▶ _INPUT FOR THIS TASK_
---
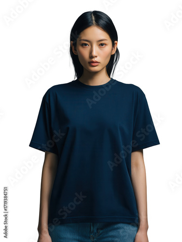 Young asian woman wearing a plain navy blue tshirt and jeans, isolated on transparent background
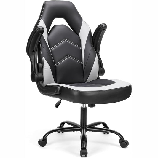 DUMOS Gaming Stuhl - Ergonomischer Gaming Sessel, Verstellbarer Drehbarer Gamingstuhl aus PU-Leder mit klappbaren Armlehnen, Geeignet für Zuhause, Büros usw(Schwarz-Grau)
---
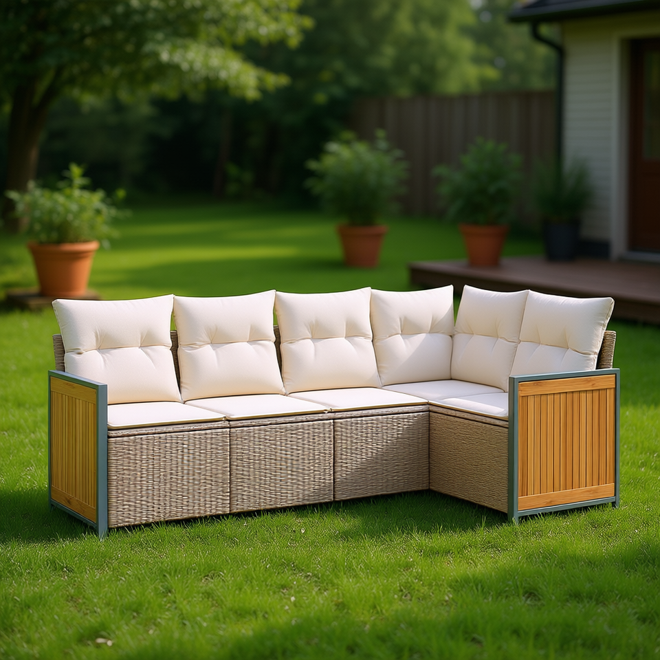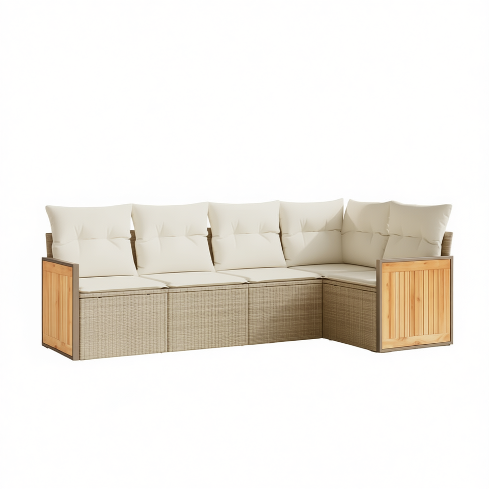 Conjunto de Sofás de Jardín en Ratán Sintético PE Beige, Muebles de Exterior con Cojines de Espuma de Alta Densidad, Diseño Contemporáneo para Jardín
---
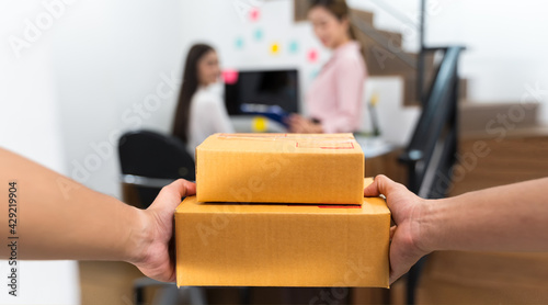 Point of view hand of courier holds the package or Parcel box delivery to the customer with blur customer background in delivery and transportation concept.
---
▶ _PROBLEM DETAILS_
In the data above, the stretch from the line with "Young asian woman" through the line with "DUMOS Gaming Stuhl" is to be returned exactly, minus any pictures.

▶ _OUTPUT FOR THIS EXERCISE_
 Young asian woman wearing a plain navy blue tshirt and jeans, isolated on transparent background
 DUMOS Gaming Stuhl - Ergonomischer Gaming Sessel, Verstellbarer Drehbarer Gamingstuhl aus PU-Leder mit klappbaren Armlehnen, Geeignet für Zuhause, Büros usw(Schwarz-Grau)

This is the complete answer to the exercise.